Elijah accepted Jesus Christ as his savior many years ago after a conversation with his dad.  He began taking communion shortly thereafter, again after a conversation to make sure he understood what it meant and why we do it.  Did he fully understand all that comes with a decision for Christ? I don't know.  But Jesus said you simply needed "faith like a child" and that would be enough. He definitely had that!  And ever since this decision, I have prayed that he, along with my other boys, would make the decision to be baptized.  To let everyone know that they follow Jesus and are not ashamed.

We see baptisms at church quite often.  We talk about it, what it means and why people do it, but we never pushed.  We always wanted it to be his decision.  We knew that he would do it when he was ready and that it would be a prompting of God, as it should be.  However, though I am ashamed to admit it, I never really thought Elijah would do it.  Not only because I didn't think he would understand, but also because I knew of Elijah's "quirks" associated with his ASD.  He wouldn't want to be wet in his clothes, and he would want someone else to push him under the water.  I continued to pray but deep down had a pessimistic attitude of it ever happening.

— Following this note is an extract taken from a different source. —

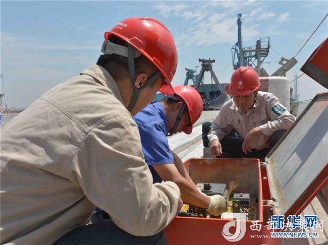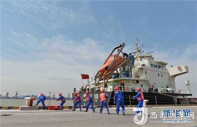 在長江岸線南通段一處港口碼頭,一艘貨輪錨定后,工作人員合力牽引岸電連接電纜(6月2日攝)。新華社發(fā)(李存根 攝)

Shame on me again!  Because one Wednesday (Sept 21) after H12 (youth program), he came home and told us that he wanted to be baptized.  To say we were excited is a complete understatement!  We talked to him about it a bit and thanked God for the answer to prayer.  In addition, I was also led to ask God for forgiveness.  I had limited my idea of what God could do.  I had put Him in a box.  I had doubted that He could get through to someone like Elijah.  I was convicted.  

God can do anything and everything that He chooses to do.  It is God's desire, according to the Bible, that everyone be saved.  Of course He can work within Elijah and lead him to baptism.  He met Elijah right where he was and spoke to his spirit in a way that Elijah could understand.  Of course He can!  How could I have ever doubted??

I have asked forgiveness and God has granted.  What an amazing testimony of God's goodness and grace!  There is nothing that God cannot do.  Don't forget that!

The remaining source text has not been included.